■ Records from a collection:
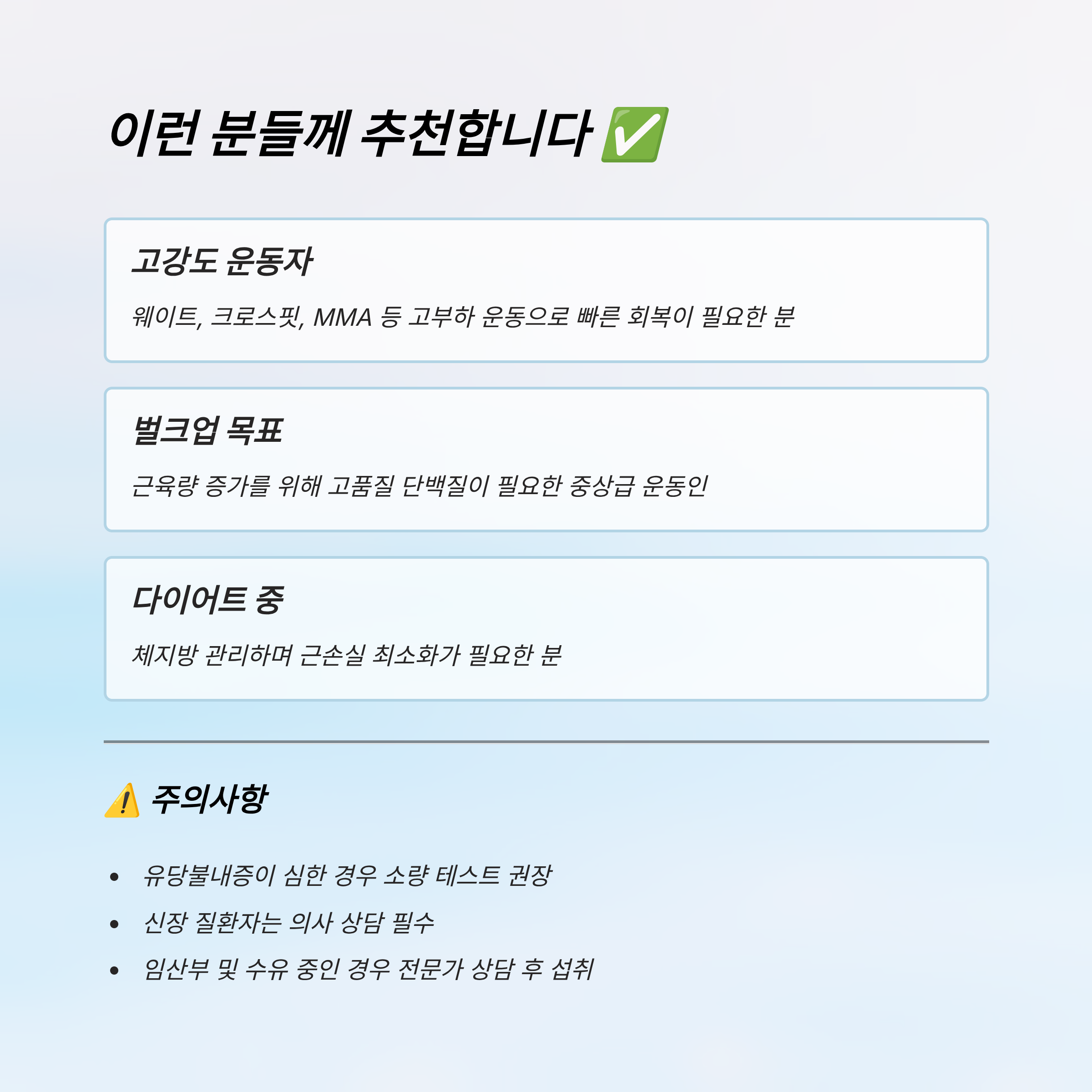 | 비추천 대상 | 유당불내증이 심한 사람, 임산부 및 수유 중, 신장 질환자, 단백질 과민 반응자 |
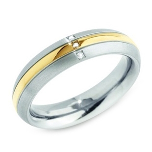 Matný titanový snubní prsten s ozdobným zlaceným leštěným pruhem probíhajícím středem prstenu. Prsten je osazen 3mi diamanty čiré barvy
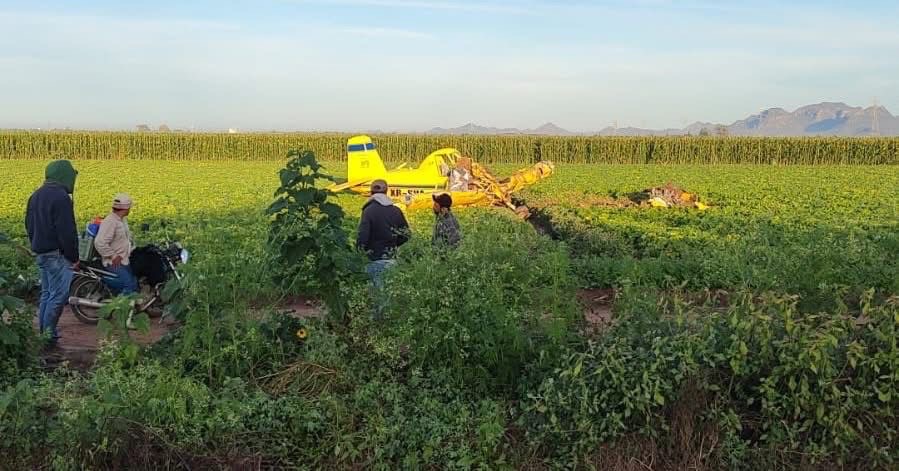 Una avioneta dedicada a la fumigación de campos agrícolas, terminó desplomándose en plenas actividades de fumigación en el Ejido 5 de Mayo, en Ahome.
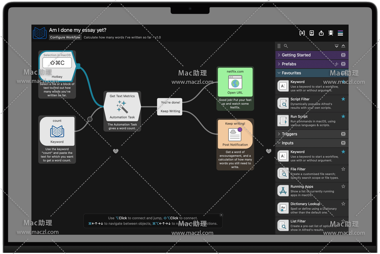 Alfred 5添加了交互式入门指南,向新用户介绍工作流编辑器,并引导他们创建第一个工作流
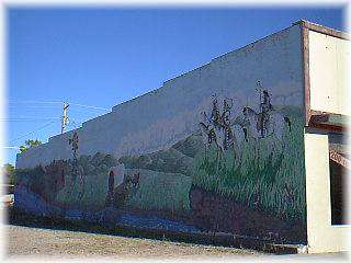 The mural located in downtown Gordon created in 1991 expresses the pioneer growth of the area in the late 1800s and early 1900s.
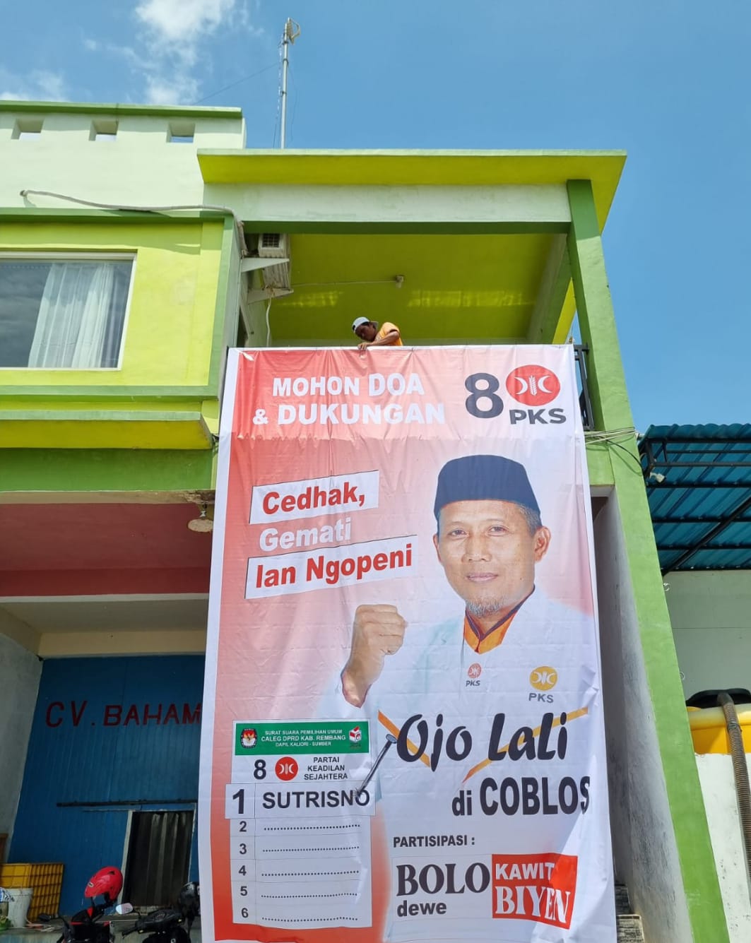 Ada salah satu baliho caleg yang terpampang di titik-titik pasang di beberapa desa terlihat khas dan berbeda. Baliho caleg tersebut dibuat dan dipasang sendiri oleh tim sukses di desa masing-masing. Baliho itu adalah APK caleg dari Partai Keadilan Sejahtera (PKS) nomor urut 1 Dapil VII Kaliori-Sumber, Sutrisno.

■ WHAT IS REQUIRED:
Output each record above exactly as it stands, excluding all pictures.

■ REPLY:
 | 비추천 대상 | 유당불내증이 심한 사람, 임산부 및 수유 중, 신장 질환자, 단백질 과민 반응자 |
 Matný titanový snubní prsten s ozdobným zlaceným leštěným pruhem probíhajícím středem prstenu. Prsten je osazen 3mi diamanty čiré barvy
 Una avioneta dedicada a la fumigación de campos agrícolas, terminó desplomándose en plenas actividades de fumigación en el Ejido 5 de Mayo, en Ahome.
 Alfred 5添加了交互式入门指南,向新用户介绍工作流编辑器,并引导他们创建第一个工作流
 The mural located in downtown Gordon created in 1991 expresses the pioneer growth of the area in the late 1800s and early 1900s.
 Ada salah satu baliho caleg yang terpampang di titik-titik pasang di beberapa desa terlihat khas dan berbeda. Baliho caleg tersebut dibuat dan dipasang sendiri oleh tim sukses di desa masing-masing. Baliho itu adalah APK caleg dari Partai Keadilan Sejahtera (PKS) nomor urut 1 Dapil VII Kaliori-Sumber, Sutrisno.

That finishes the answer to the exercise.